Mumba Technologies, Inc.
Website:
mumbatech.com
Job details:
Job Title: Technical Lead- SRE
Job Type: Full Time
Location: Remote
About the Job:
What You Will Do
Technical Leadership & Architecture
- Own and drive the technical direction for your team's infrastructure systems, making architectural decisions that balance reliability, scalability, and cost.
- Design systems of moderate to high complexity using distributed systems best practices; anticipate future use cases and minimize technical debt.
- Conduct architectural reviews and advance design patterns across the organization.
- Identify and implement improvements to existing software architecture; define and expand design patterns to solve common platform problems.
- Define and enforce security best practices across team-owned systems; proactively surface gaps to senior leadership.
Reliability & Operational Excellence
- Own the reliability posture of team-owned services — establish SLOs, monitor SLAs, and hold the team accountable to them.
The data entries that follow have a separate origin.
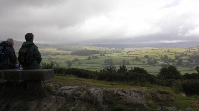 Our four mile morning walk took us up the road to Orrest Head, through Elleray Wood and on a steep climb to a breath-taking circular viewpoint – except, it was raining all the way, and the only visibility was a brief glimpse of sun on the Yorkshire moors to the east.
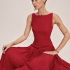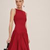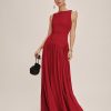 Wear the dress. Shop the Camella Dress from Reformation, a sleeveless full-length dress with a high boat neckline, drop waist, and pleated skirt.
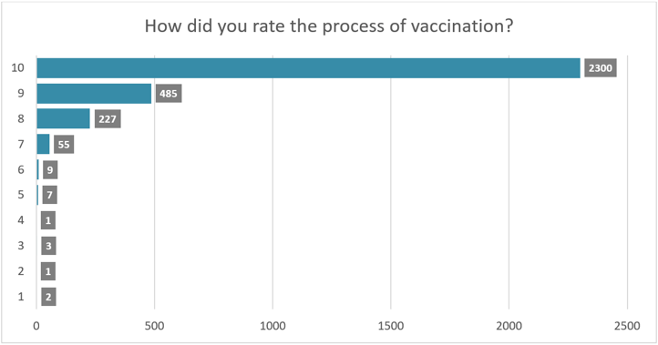 The process of booking and vaccination was viewed positively by the majority of respondents. The booking process was rated as very good to excellent (8-10) by 95.5% and the vaccination process was rated as very good to excellent by 97.3%.

- Lead incident response for complex, multi-service issues; systematically debug, identify root causes, and ensure issues do not recur.
- Establish standards for logging, monitoring, and operationalization across all team-owned systems.
- Foresee potential operational issues and implement preventative measures to safeguard the customer experience.
- Participate in and help lead the on-call rotation; ensure production systems are appropriately instrumented.
Project & Delivery Ownership
- Act as DRI (Directly Responsible Individual) for medium-to-large SRE projects spanning months and involving cross-team collaboration.
- Partner with Engineering Managers and Product Managers to scope roadmap initiatives, break down work into actionable increments, and commit to delivery plans.
- Negotiate scope effectively when required, ensuring adjustments align with customer needs and project goals.
- Proactively identify and resolve project risks — dependencies, architectural drift, and staffing blockers — before they impact delivery.
AI-Augmented Engineering
- Demonstrate mastery of AI-driven development practices and integrate them into end-to-end feature and infrastructure delivery.
- Contribute improvements to internal AI prompt libraries, coding workflows, and AI usage best practices for the team.
- Use AI tools to accelerate creation of technical documents, design proposals, runbooks, and exploration of alternative solutions.
- Stay current with emerging AI development patterns and bring relevant innovations back to the team.
- Coach teammates on responsible, efficient, and effective use of AI tools (e.g., Cursor, Augment) across the software development lifecycle.
What We Are Looking For
Required Experience
- 7+ years of experience in Site Reliability Engineering, DevOps, or Platform Engineering in a production cloud environment.
- 5+ years of hands-on experience with AWS cloud services across compute, networking, storage, and security.
- 5+ years managing Linux-oriented production environments at scale.
- 5+ years using Infrastructure-as-Code (Terraform, CDK, CloudFormation) and/or GitOps best practices.
- 3+ years operating and troubleshooting production Kubernetes environments.
- 3+ years applying AWS Well-Architected Framework principles across reliability, security, performance, and cost pillars.
- 3+ years in cloud security best practices including IAM, secrets management, network security, and compliance.
- 3+ years working with PostgreSQL in production: performance tuning, replication, backup, and recovery.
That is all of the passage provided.